===== Recorded information =====

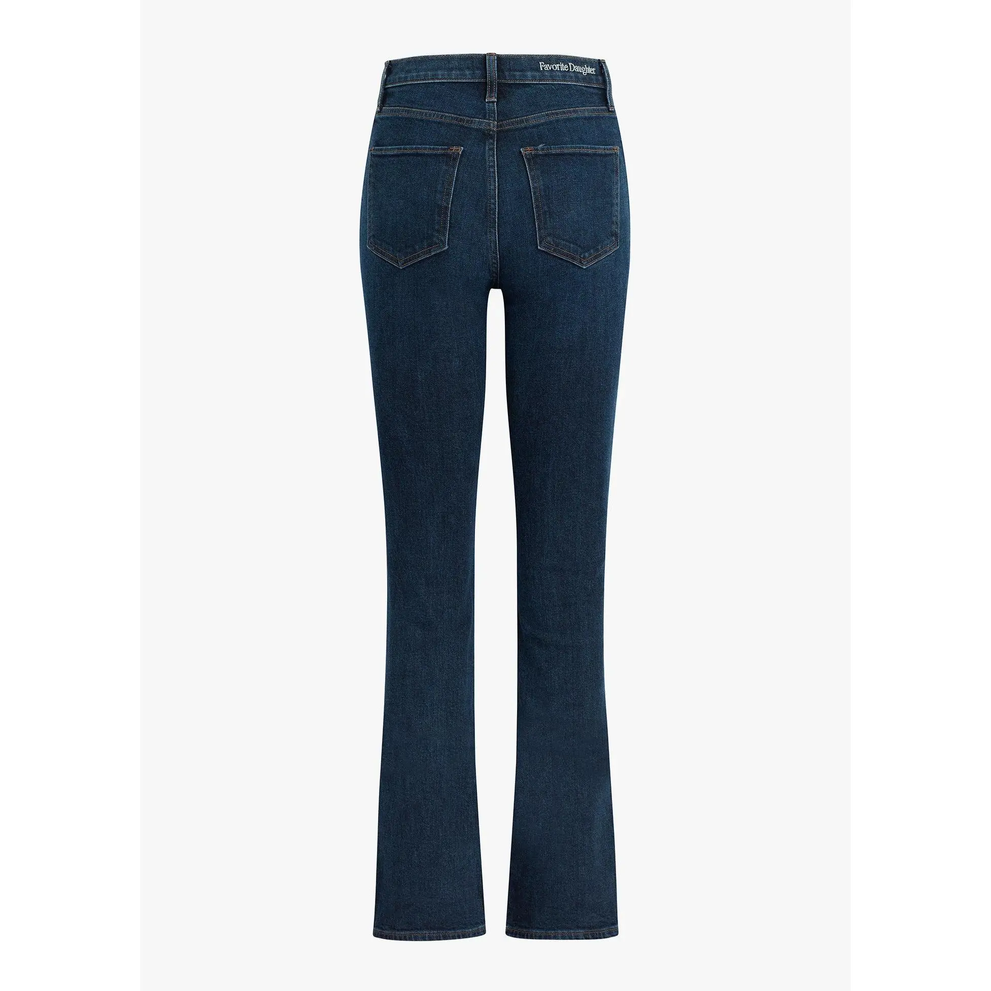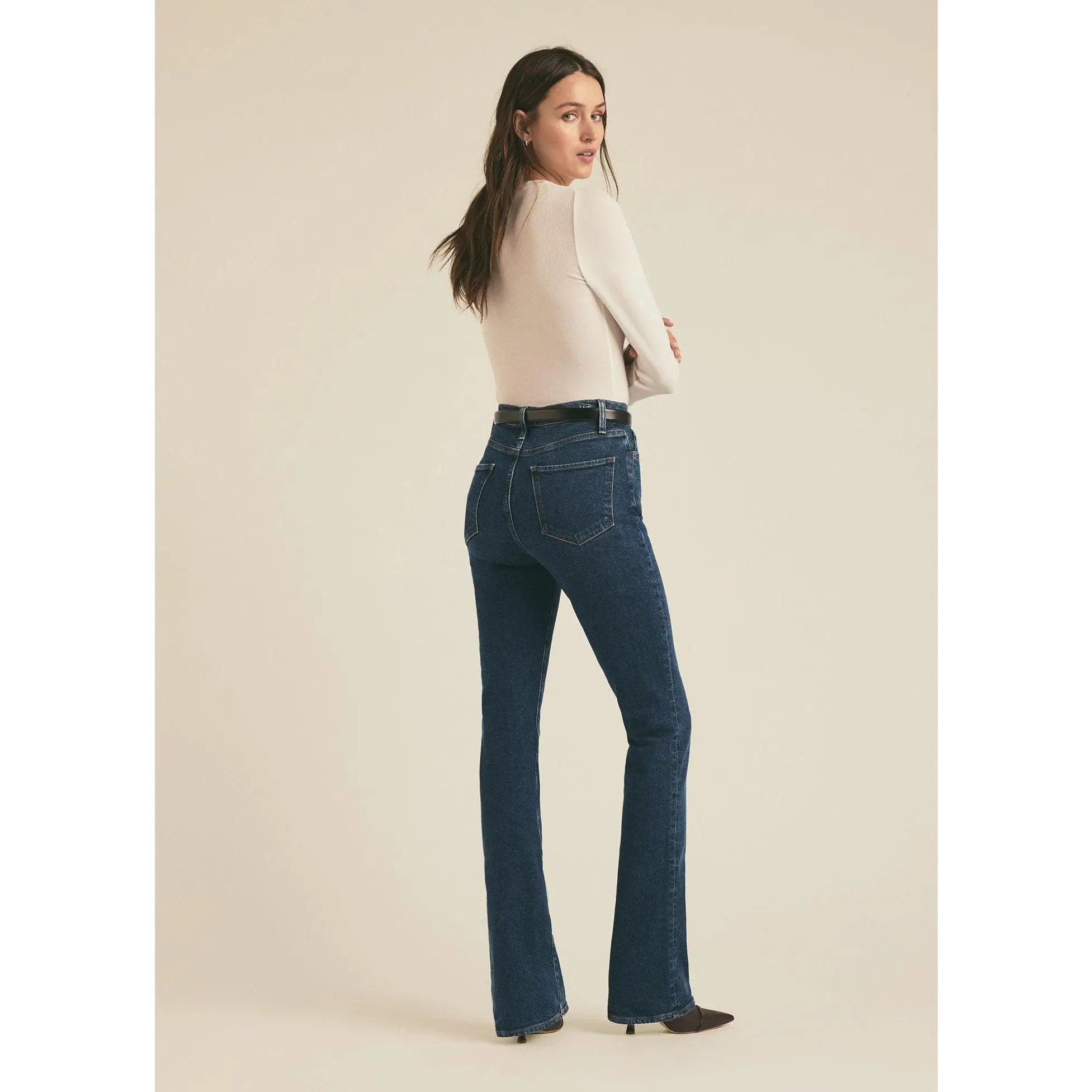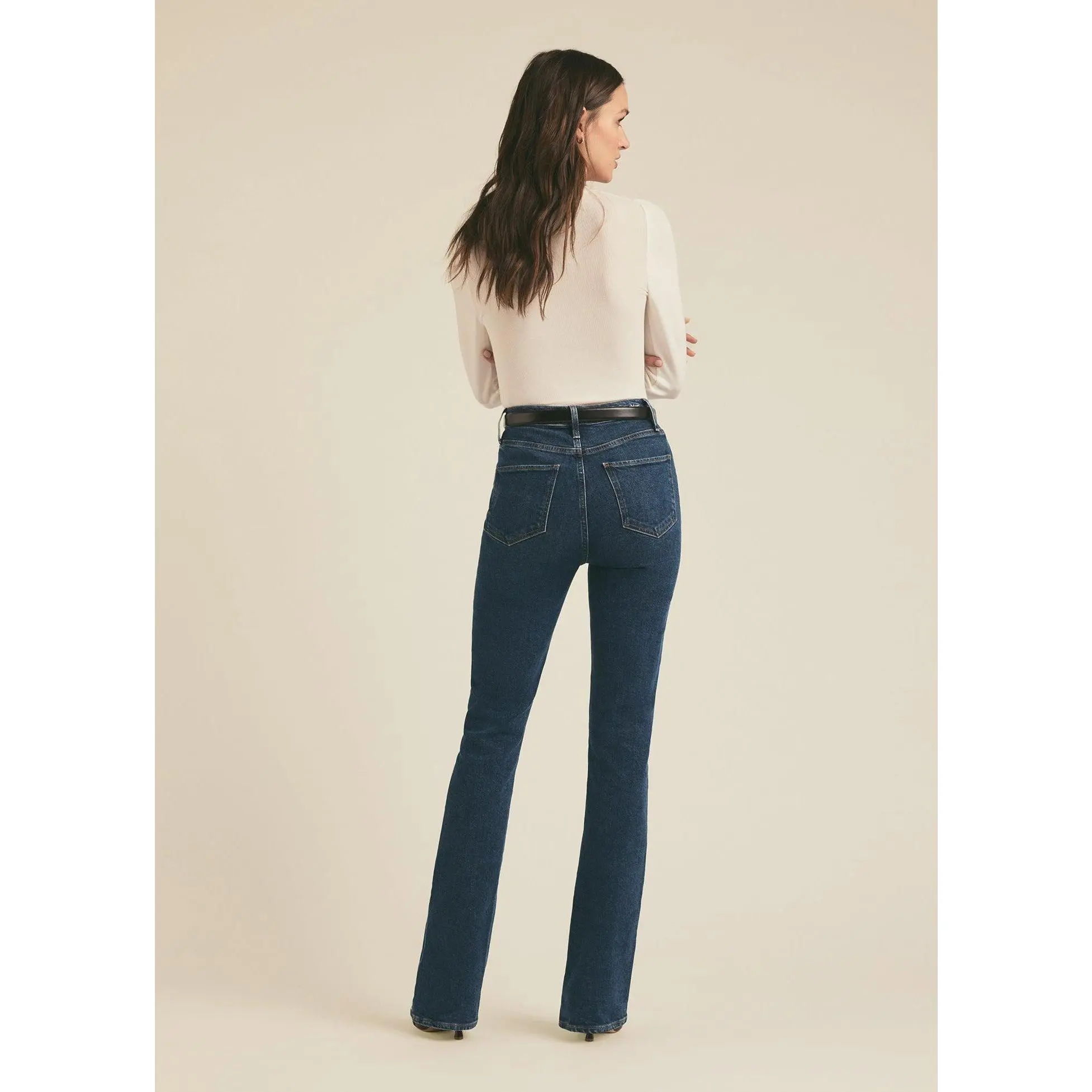 A high five for the super high rise 11.5" bootcut jeans. The retro-inspired style of Woodside gives the Valentina a slimming, rich, dark blue indigo and the stretch gives this denim a well-fitted silhouette. (Gentle fading and whiskering plus Favorite Daughter embroidery on the back waistband, of course.)
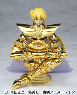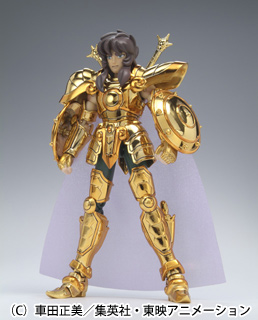 神に最も近い男「バルゴシャカ」が聖闘士聖衣神話で登場!広範囲の関節可動により座禅状態を再現できるだけでなく、冥王ハーデス十二宮編で使用した『数珠』、さらに閉眼、開眼の両状態のフェイスパーツがつき、非常にプレイバリューの高い製品になっている。別売りの「アンドロメダ瞬」にバルゴ聖衣を装着可能。布製マント、蓮華座つき。
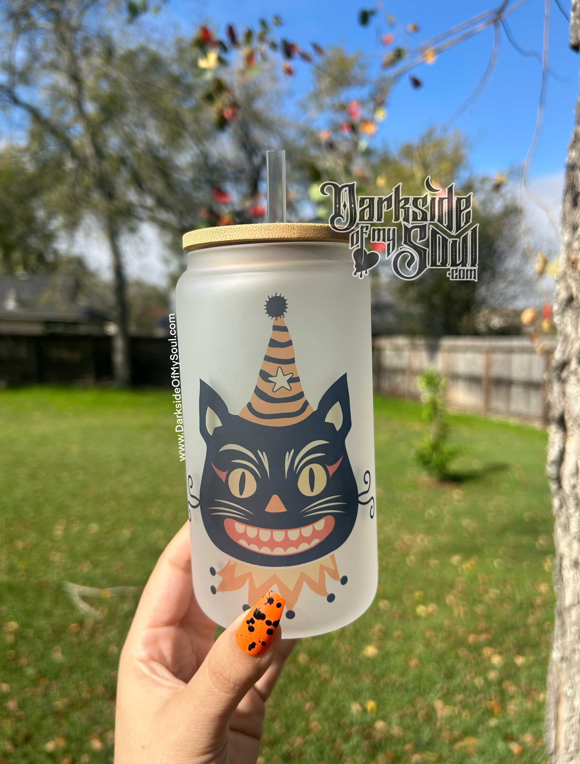 Vintage Halloween Cat | 16oz. Frosted Glass Cup

=====

◆ Your instructions
The listing is to be reproduced in full and exactly, except that its pictures are to be dropped.

◆ Response area
 A high five for the super high rise 11.5" bootcut jeans. The retro-inspired style of Woodside gives the Valentina a slimming, rich, dark blue indigo and the stretch gives this denim a well-fitted silhouette. (Gentle fading and whiskering plus Favorite Daughter embroidery on the back waistband, of course.)
 神に最も近い男「バルゴシャカ」が聖闘士聖衣神話で登場!広範囲の関節可動により座禅状態を再現できるだけでなく、冥王ハーデス十二宮編で使用した『数珠』、さらに閉眼、開眼の両状態のフェイスパーツがつき、非常にプレイバリューの高い製品になっている。別売りの「アンドロメダ瞬」にバルゴ聖衣を装着可能。布製マント、蓮華座つき。
 Vintage Halloween Cat | 16oz. Frosted Glass Cup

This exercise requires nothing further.